Reproduce the data below exactly. Skip the pictures.

++++ Data supplied

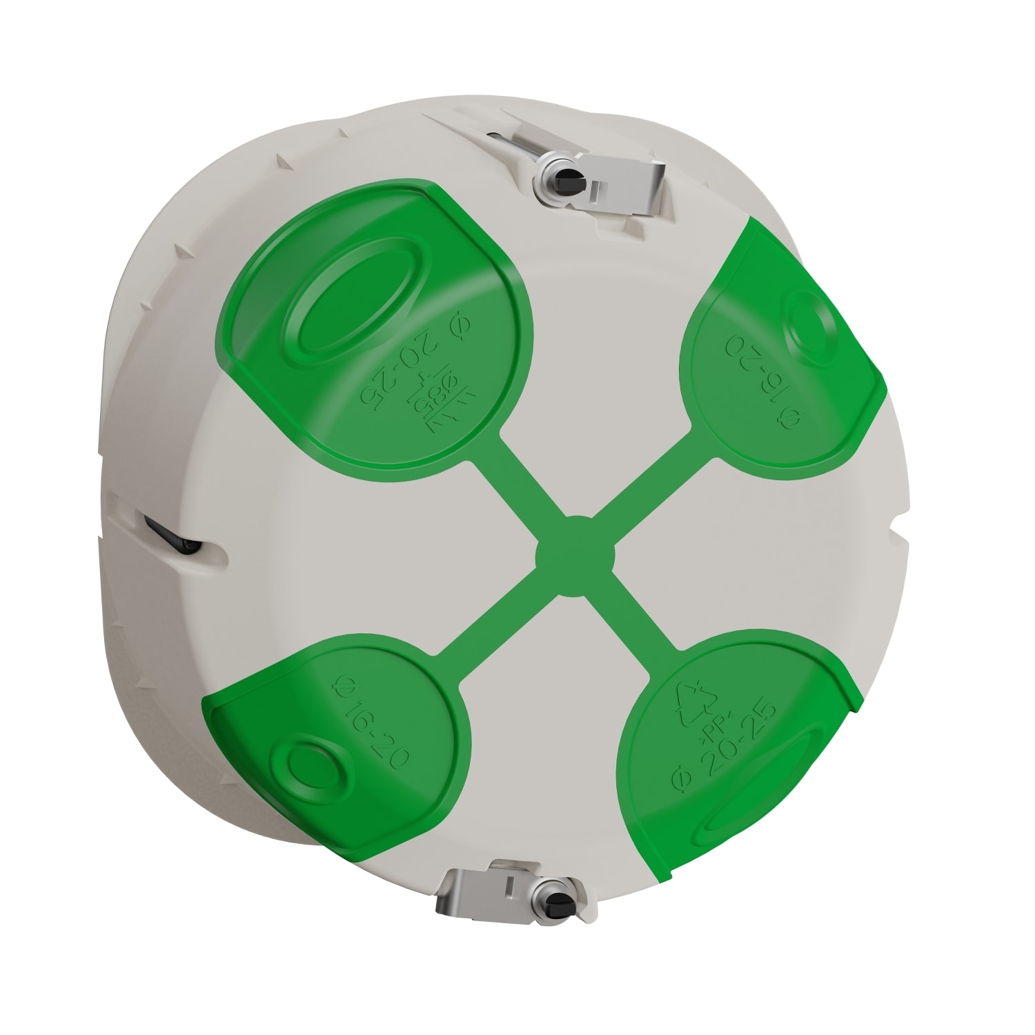 Cette boîte d'encastrement est conforme à la RT2012, la RE2020 ainsi qu'à la norme européenne EN60670-1. Sans halogènes, elle dispose d'un ratio de recyclabilité potentielle évalué à 79%.
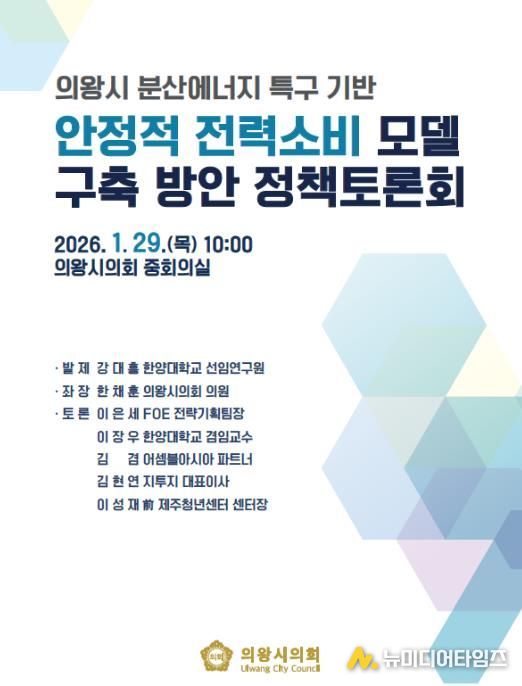 의왕시의회는 오는 29일 오전 10시, 시의회 중회의실에서 '의왕 분산에너지 특구 기반 안정적 전력소비 모델 구축 방안 정책토론회'를 개최한다고 밝혔다.
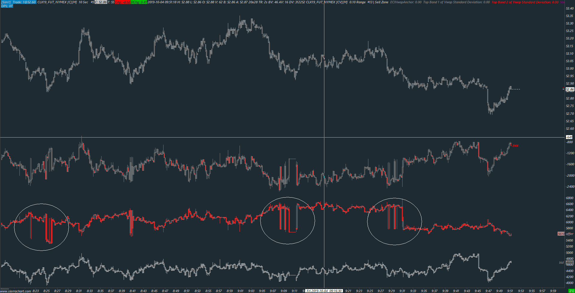 This is answered here: Huge spikes on Denali offer data Now we are wasting our time answering questions about activity of the market. Look at the Market Depth window and see what is happening. You can blame the trader who put that 800 lot order in. Sierra Chart Support - Engineering Level Your definitive source for support. Other responses are from users. Try to keep your questions brief and to the point. Be aware of support policy: https://www.sierrachart.com/index.php?l=PostingInformation.php#GeneralInformation For the most reliable, advanced, and zero cost futures order routing, *change* to the Teton service: Sierra Chart Teton Futures Order Routing Date Time Of Last Edit: 2019-10-04 15:45:10
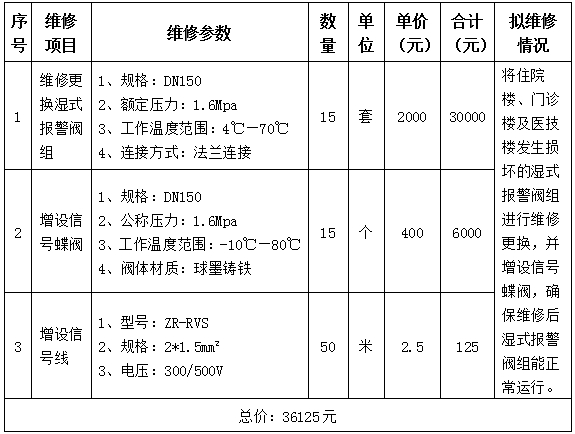 采购需求:保障医院消防安全,为患者提供安全稳定的就诊环境,现对医院住院楼、门诊楼及医技楼等处的湿式报警阀组维修及更换。
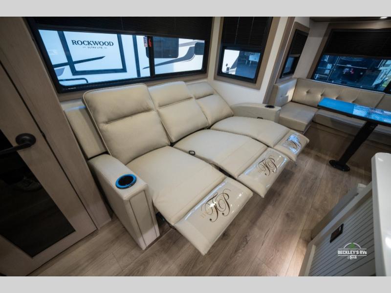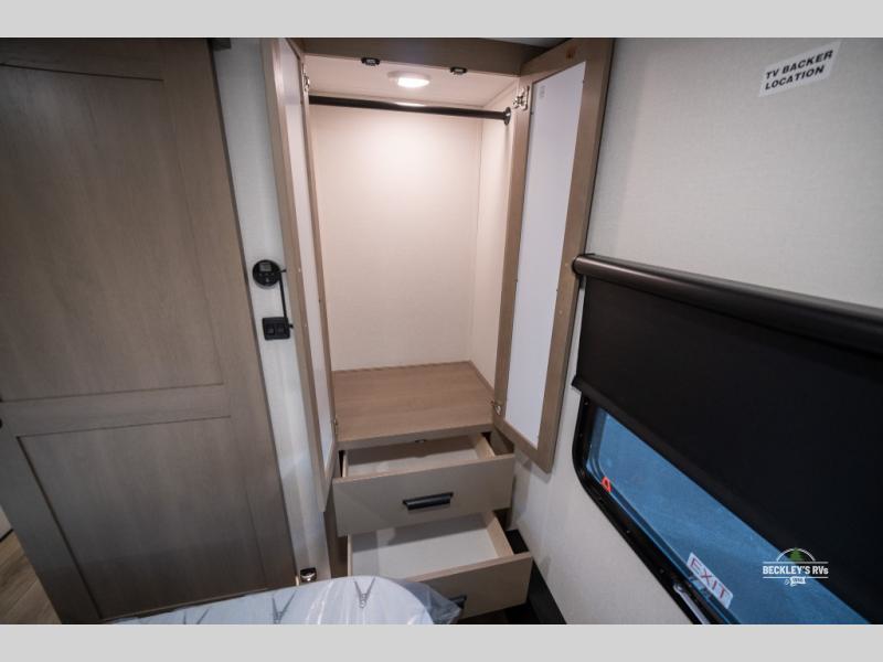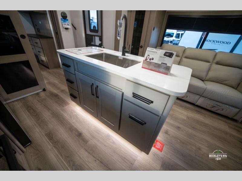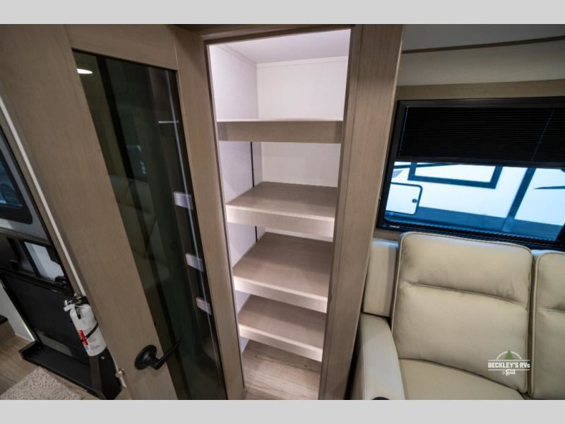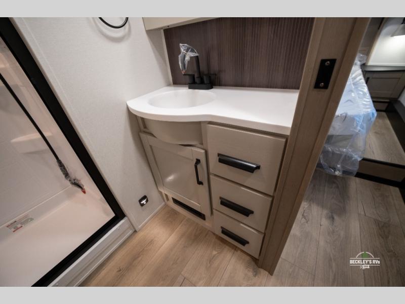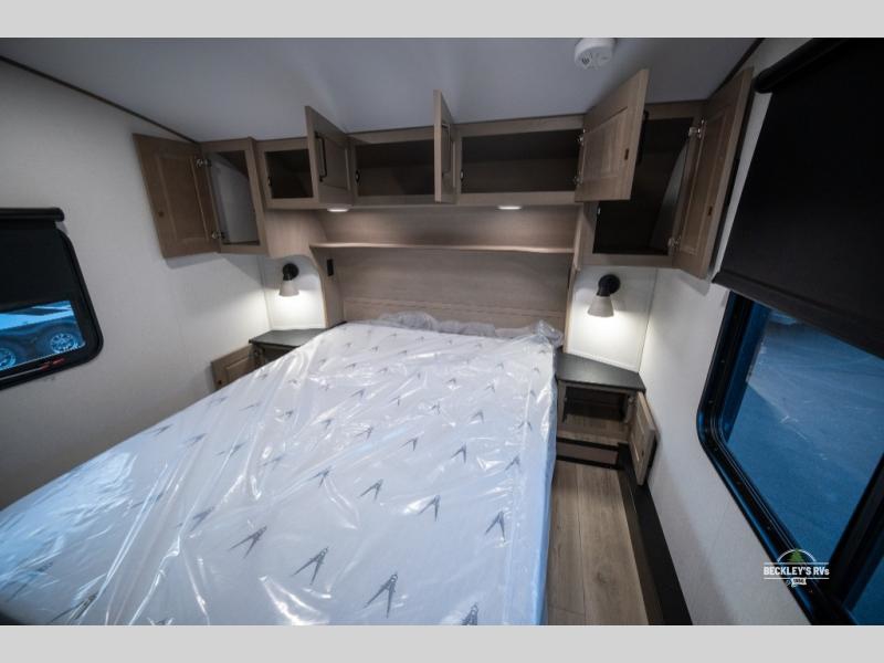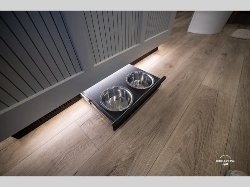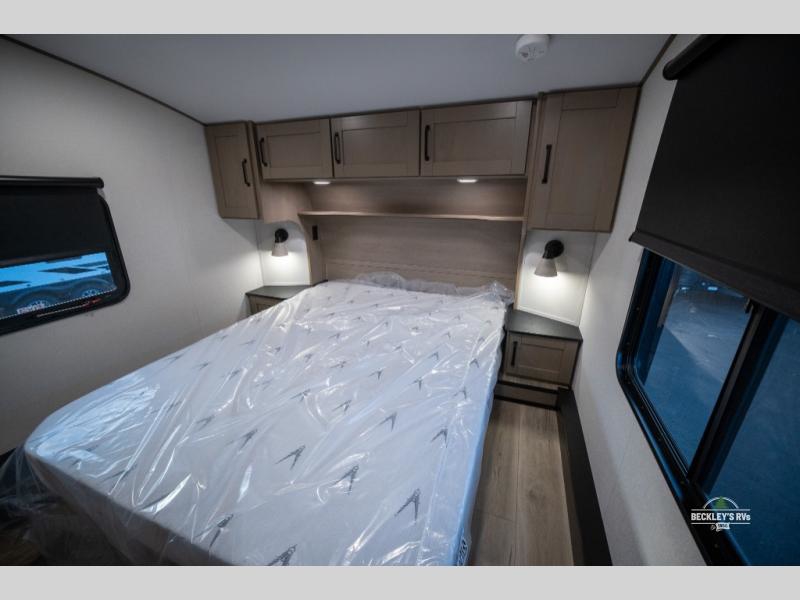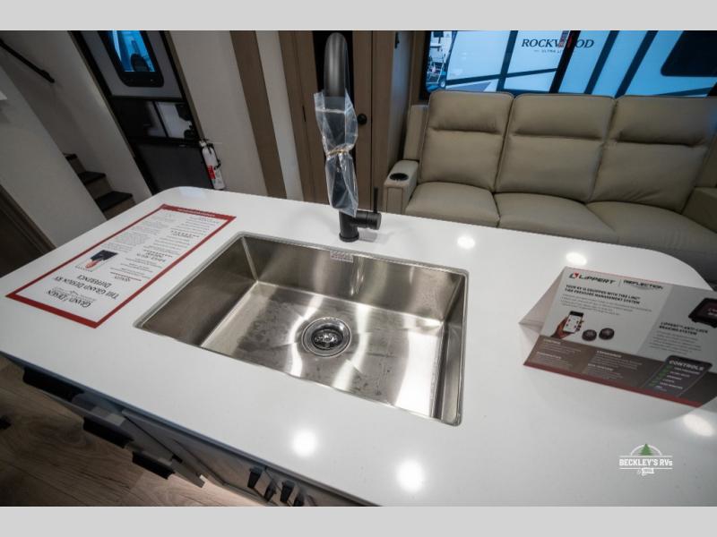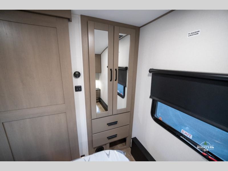 When you are looking for a versatile extra room for either a second bedroom or living area as well as an office, this middle bunkhouse might just work! There is a slide out with two bunks and drawers plus a dresser. You can sleep like a queen on the walk-around bed in the front private bedroom that offers more clothing storage and windows for views. The rear main living and kitchen area provides plenty of seating on the a 78" triple person theater seats, and on the 92" U-shaped lounge with table with windows within the slide for natural lighting and great views. The kitchen island gives the cook more space to make and serve meals, and the gourmet kitchen includes a 16 cu. ft. refrigerator, plus a pantry for dry goods. There is an exterior outside kitchen with a griddle and a 1.6 cu. ft. refrigerator for beverages and such, plus you will find an LP quick connect, Coax TV hookup, and a spray port to wash off your dirty shoes.

++++++++

[Exercise response]
 Cette boîte d'encastrement est conforme à la RT2012, la RE2020 ainsi qu'à la norme européenne EN60670-1. Sans halogènes, elle dispose d'un ratio de recyclabilité potentielle évalué à 79%.
 의왕시의회는 오는 29일 오전 10시, 시의회 중회의실에서 '의왕 분산에너지 특구 기반 안정적 전력소비 모델 구축 방안 정책토론회'를 개최한다고 밝혔다.
 This is answered here: Huge spikes on Denali offer data Now we are wasting our time answering questions about activity of the market. Look at the Market Depth window and see what is happening. You can blame the trader who put that 800 lot order in. Sierra Chart Support - Engineering Level Your definitive source for support. Other responses are from users. Try to keep your questions brief and to the point. Be aware of support policy: https://www.sierrachart.com/index.php?l=PostingInformation.php#GeneralInformation For the most reliable, advanced, and zero cost futures order routing, *change* to the Teton service: Sierra Chart Teton Futures Order Routing Date Time Of Last Edit: 2019-10-04 15:45:10
 采购需求:保障医院消防安全,为患者提供安全稳定的就诊环境,现对医院住院楼、门诊楼及医技楼等处的湿式报警阀组维修及更换。
 When you are looking for a versatile extra room for either a second bedroom or living area as well as an office, this middle bunkhouse might just work! There is a slide out with two bunks and drawers plus a dresser. You can sleep like a queen on the walk-around bed in the front private bedroom that offers more clothing storage and windows for views. The rear main living and kitchen area provides plenty of seating on the a 78" triple person theater seats, and on the 92" U-shaped lounge with table with windows within the slide for natural lighting and great views. The kitchen island gives the cook more space to make and serve meals, and the gourmet kitchen includes a 16 cu. ft. refrigerator, plus a pantry for dry goods. There is an exterior outside kitchen with a griddle and a 1.6 cu. ft. refrigerator for beverages and such, plus you will find an LP quick connect, Coax TV hookup, and a spray port to wash off your dirty shoes.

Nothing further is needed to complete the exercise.